Polyclonal Antibody Against Bloom's Syndrome Protein (BLM) for Research 
and Diagnostic Use

    Description of Technology: Investigators at the National Institutes 
of Health have generated a polyclonal antibody against Bloom's syndrome 
protein (BLM). The BLM protein is a DNA helicase enzyme and a key 
component of the DNA damage response signaling pathway. Several protein 
kinases including ATM, DNA-PK, and ATR can mediate the phosphorylation 
of BLM. The polyclonal antibody is generated by using a phosphorylated 
peptide belonging to the N-terminus of BLM. The antibody shows a rapid 
phosphorylation of BLM on threonine 99 (T99p-BLM) following DNA damage 
by anti-cancer agents and could serve as a therapeutic marker of drug 
action on DNA. The antibody is also useful for microscopic and 
biochemical analysis of DNA damage signaling.
    Applications:
     A therapeutic marker of drug action on DNA
     A diagnostic indicator of inherent genomic instability
    Inventors: Yves Pommier and V. Ashutosh Rao (NCI)

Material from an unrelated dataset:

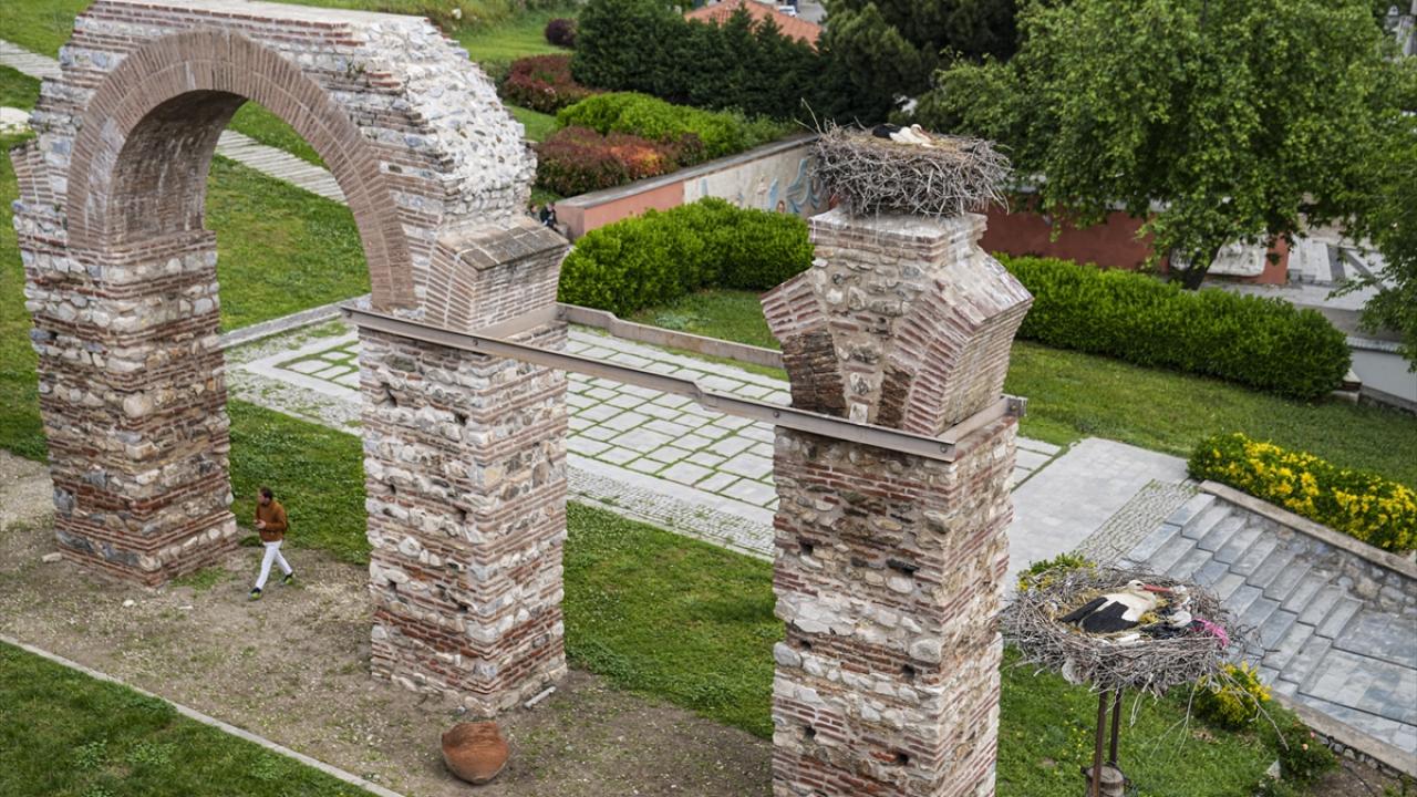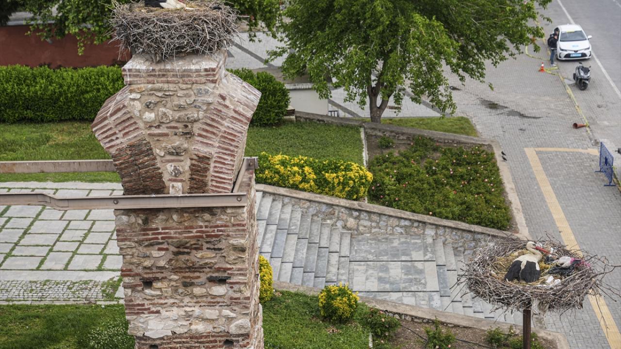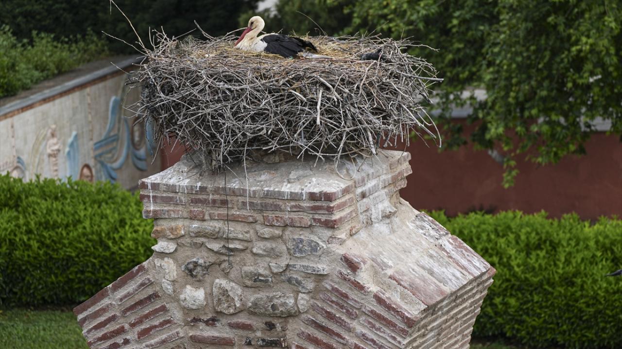 Bahar aylarının gelmesiyle birlikte ülkemize de göç eden leylekler, ilçenin tarihi yapıları ile iç içe yaptıkları yuvalarında yaşamlarını sürdürüyor.

    Patent Status: HHS Reference No. E-053-2006/0--Research Tool. 
Patent protection is not being sought for this technology.
    Licensing Status: Threonine 99 specific polyclonal antibody against 
the BLM protein is available for licensing.
    Licensing Contact: Betty Tong, PhD; 301-594-6565; 
tongb@mail.nih.gov.

    Dated: April 16, 2009.
Richard U. Rodriguez,
Director, Division of Technology Development and Transfer, Office of 
Technology Transfer, National Institutes of Health.